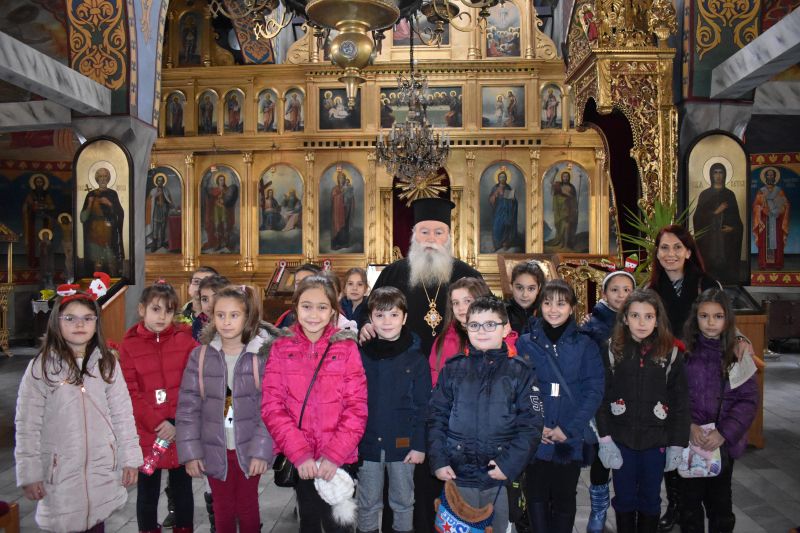 Децата подариха на дядо владика ръчно изработена картичка, с пожелания за радост и щастие, а митрополит Гавриил им раздаде подаръци и им пожела хубаво посрещане на празника Рождество Христово, когато нашият Господ Иисус Христос се ражда като Младенец.
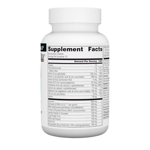 | Vitamin C (as ascorbic acid & zinc ascorbate) | 500 mg | 833% |
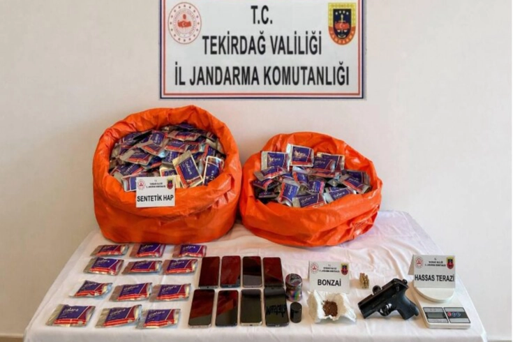Adreslerde yapılan aramalarda, 36 bin 500 uyuşturucu hap, 10 gram sentetik uyuşturucu, hassas terazi, 2 öğütme aparatı ve kurusıkı tabanca ele geçirildi.
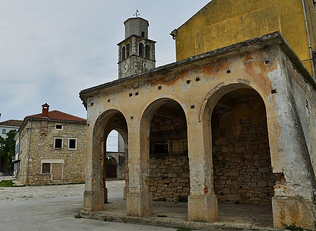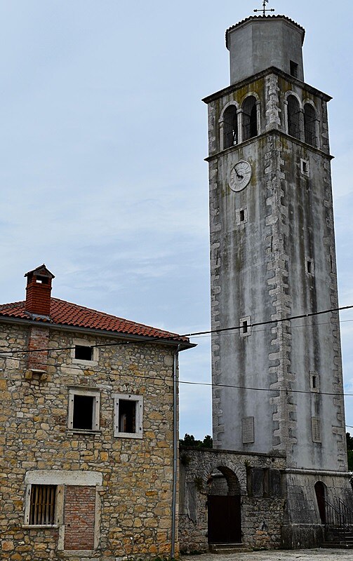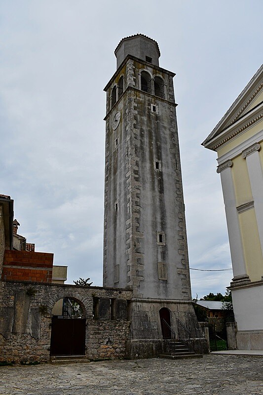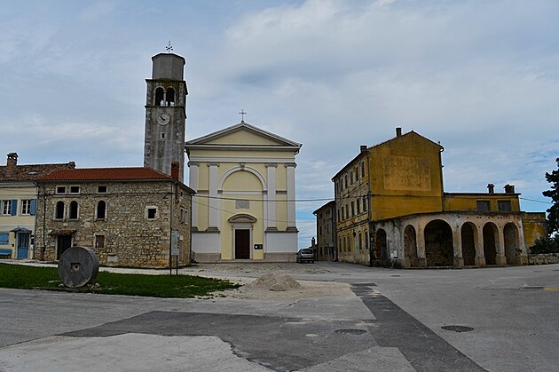 Námestiu dominuje klasicistický kostol sv. Hieronima s vedľa stojacou zvonicou. Tou zvonicou, ktorú sme už z diaľky videli, keď nás lákala. Vraj je to jedna z najstarších zvoníc na Istrii z pred 16. storočia. V jej okolí je lapidárium s rímskymi nápismi, ktoré potvrdzujú prítomnosť rímskych veteránov, ktorí získali tieto pozemky za zásluhy od Caezara. Keď sme prišli za farský kostol, otvoril sa krásny výhľad na nádherné mesto Motovun a údolie rieky Mirna.
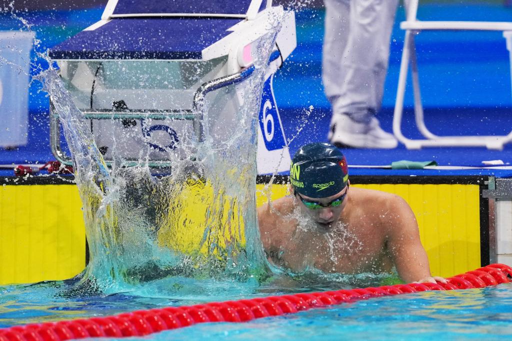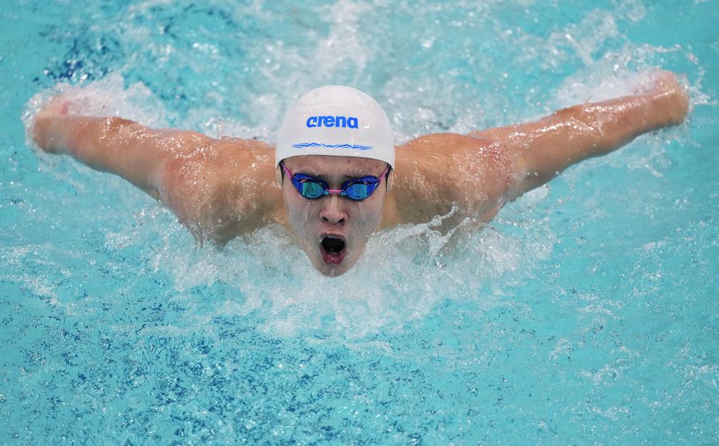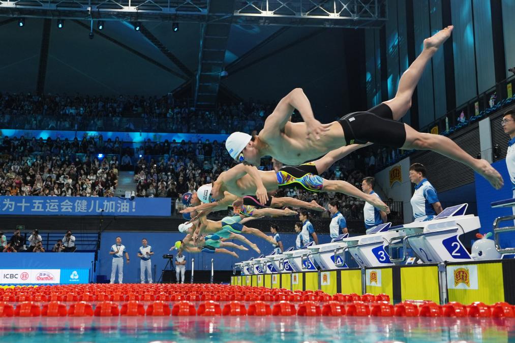 11月11日,浙江隊選手潘展樂在男子200米自由泳半決賽中入水。

= = = = =

Leave every picture out and print exactly the lines from the one that contains "Námestiu dominuje klasicistický" through the last line of the material above.

_Solution below:_
 Námestiu dominuje klasicistický kostol sv. Hieronima s vedľa stojacou zvonicou. Tou zvonicou, ktorú sme už z diaľky videli, keď nás lákala. Vraj je to jedna z najstarších zvoníc na Istrii z pred 16. storočia. V jej okolí je lapidárium s rímskymi nápismi, ktoré potvrdzujú prítomnosť rímskych veteránov, ktorí získali tieto pozemky za zásluhy od Caezara. Keď sme prišli za farský kostol, otvoril sa krásny výhľad na nádherné mesto Motovun a údolie rieky Mirna.
 11月11日,浙江隊選手潘展樂在男子200米自由泳半決賽中入水。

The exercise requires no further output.